On my way to Mass at West Linton this morning. The view of the town taken from the Moor Road. The lambs are all pretty well out now - most have numbers painted in red dye on their sides. I told one visitor last year that the numbers represented the optimal oven temperature for lamb done medium rare.

There is no West Linton newspaper. There's the Peebleshire - a regional paper - which will give you the local bumpff a week or so late. You'll find a News Agent in the village, however, and it's in the shop itself where you will hear everything: Who's divorcing whom, who has died, who has had twins. Who's been shagging about? Probably not. You might hear that up at the Gordon Arms if you eavesdropped on the sotto voce conversation going on beside you.

Most of the phone calls I get announcing that somebody has died or fallen sick begin with the words 'I was in the News Agent this morning and......'

My fiancee lives in West Linton. We've engaged a 'man with a van' for Friday afternoon to begin the slow process of moving her worldly belongings and those of her son up to the Rectory in Penicuik. Penicuik is not a village - it's a town - which has it's up sides and it's down sides.
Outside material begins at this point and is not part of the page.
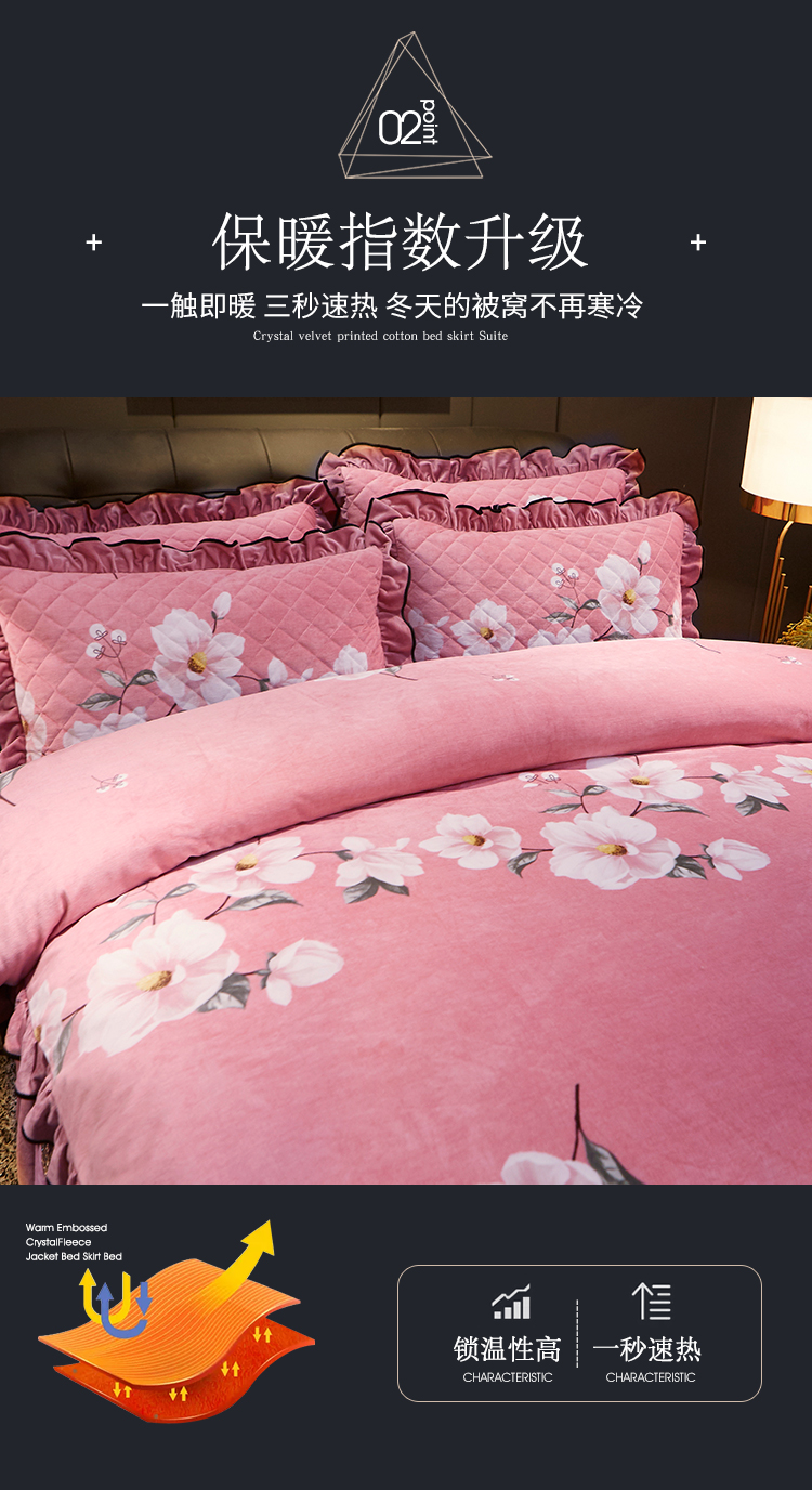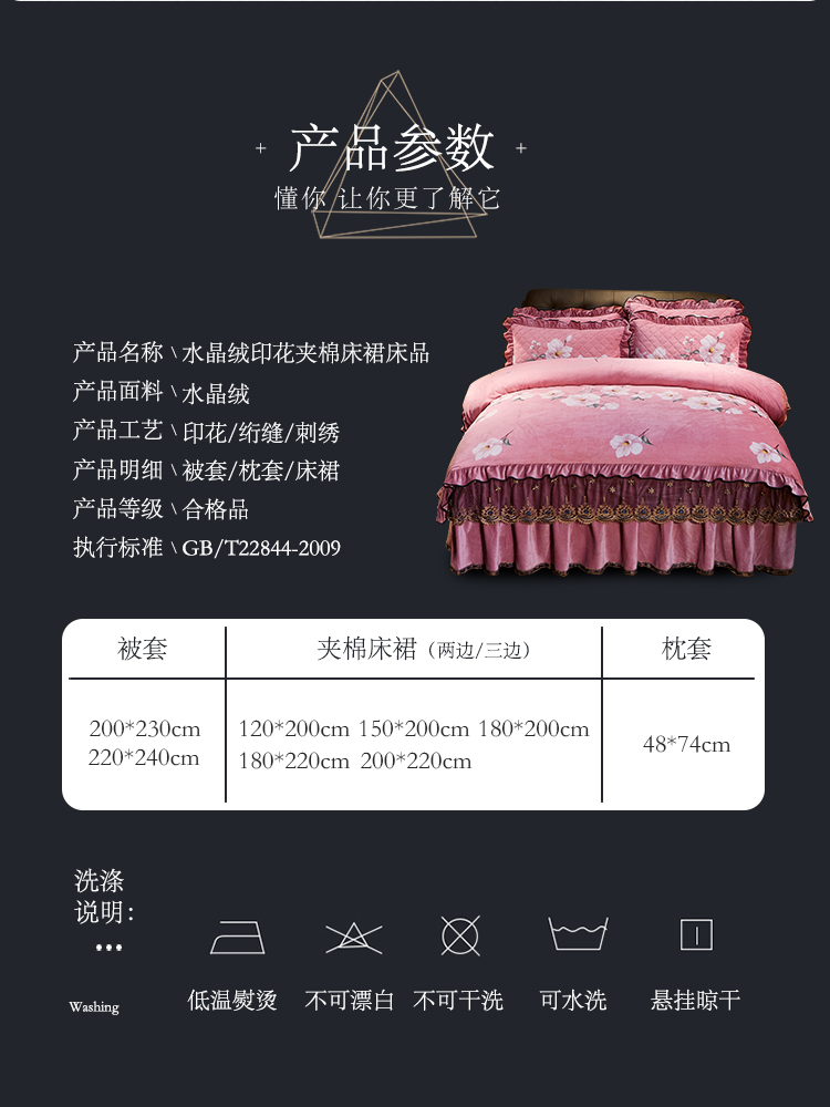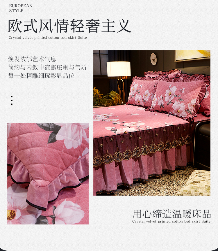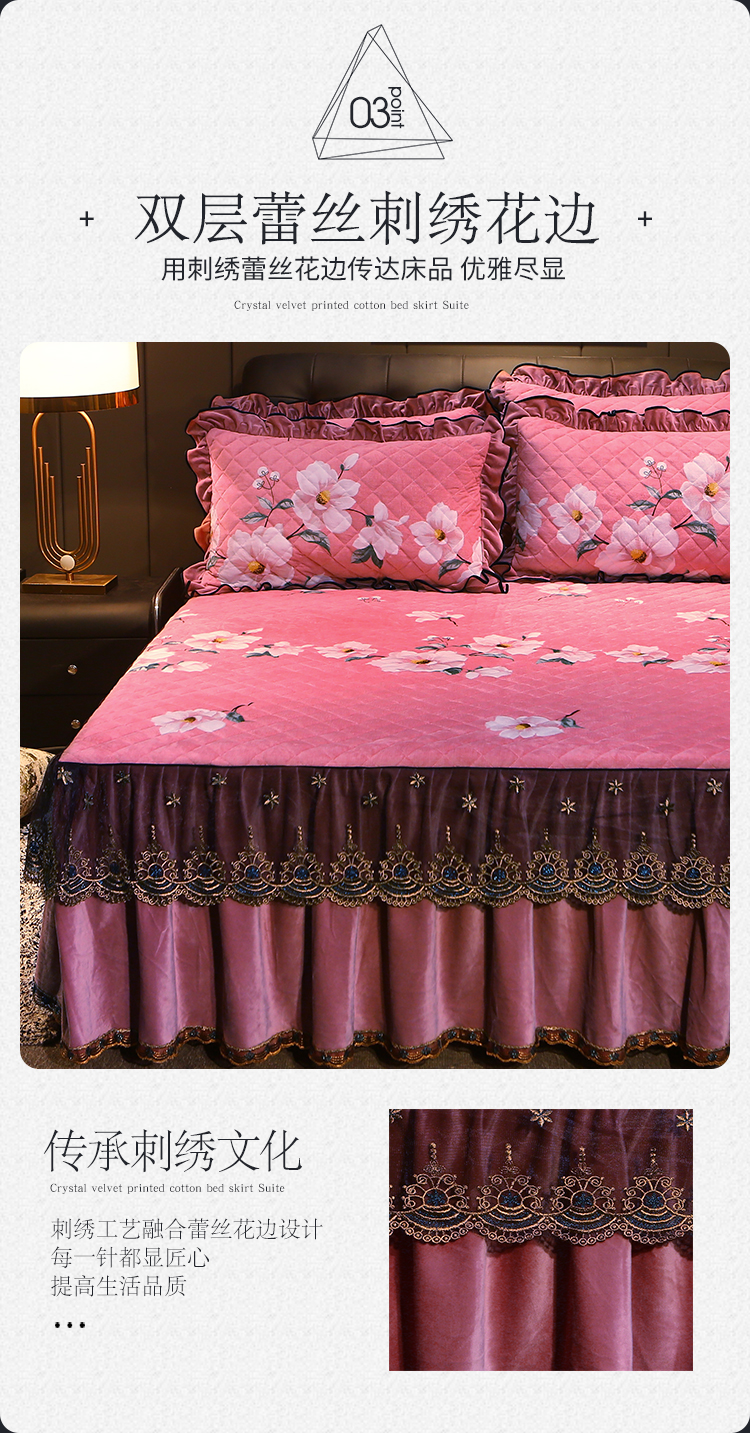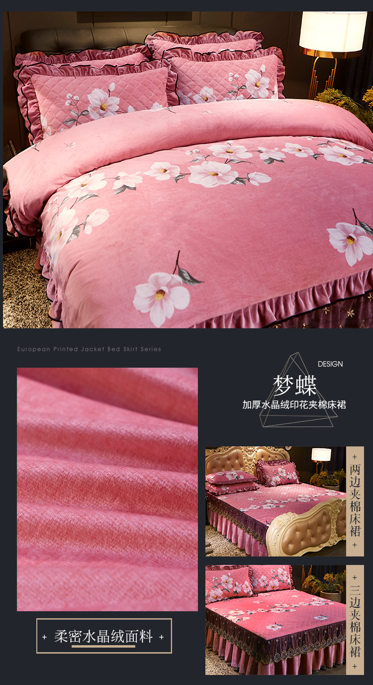 商品名称:宜凡家纺 2019新款水晶绒印花系列床裙四件套 梦蝶
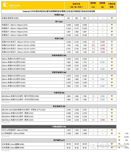 2月新訂單有限,大型訂單仍尚未落地,內(nèi)需拉動(dòng)仍寄望在3-4月啟動(dòng),本周大多執(zhí)行訂單為前期結(jié)轉(zhuǎn)單,部分開發(fā)商也表示將延后新單下訂時(shí)點(diǎn),當(dāng)前對于新報(bào)價(jià)接受度有限,靜待博弈落地。國內(nèi)需求啟動(dòng)看來又有機(jī)會(huì)推遲至3-4月,后續(xù)價(jià)格趨勢則有望跟隨硅料松動(dòng)后小幅下探至每瓦1.65-1.75元人民幣的區(qū)間。值得注意組件競爭也愈發(fā)激烈,部分廠家已給予相對平均報(bào)價(jià)下降5分人民幣左右的優(yōu)惠。

In West Linton you don't need to lock your doors or your cars. If you do lock your door it's because the dog knows how to push down the handle. If you forget to lock the door and the dog bolts during the day the neighbour will send her children over to bring the dog home, the children already know where you keep the key and they'll fish it out from under the mat, put the dog in the house, lock up and replace the key. You'll find out about all of this a week later when somebody mentions it to somebody else in the News Agent.

4 comments:

Peter D. said...

Lovely photo. no wonder you won't come back.
Peter D.

Ed Mahony said...

Which part of the country is this? Great countryside.

Raspberry Rabbit said...

Peter - I won't come back 'yet'. Keep the bagels warm.

Raspberry Rabbit said...

Eamon. We're about 18 miles south west of Edinburgh, on the edge of the Scottish Borders. Historically we were at the very eastern edge of the Kingdom of Strathclyde and there is some very interesting ancient history in the area which I may dig around and present later.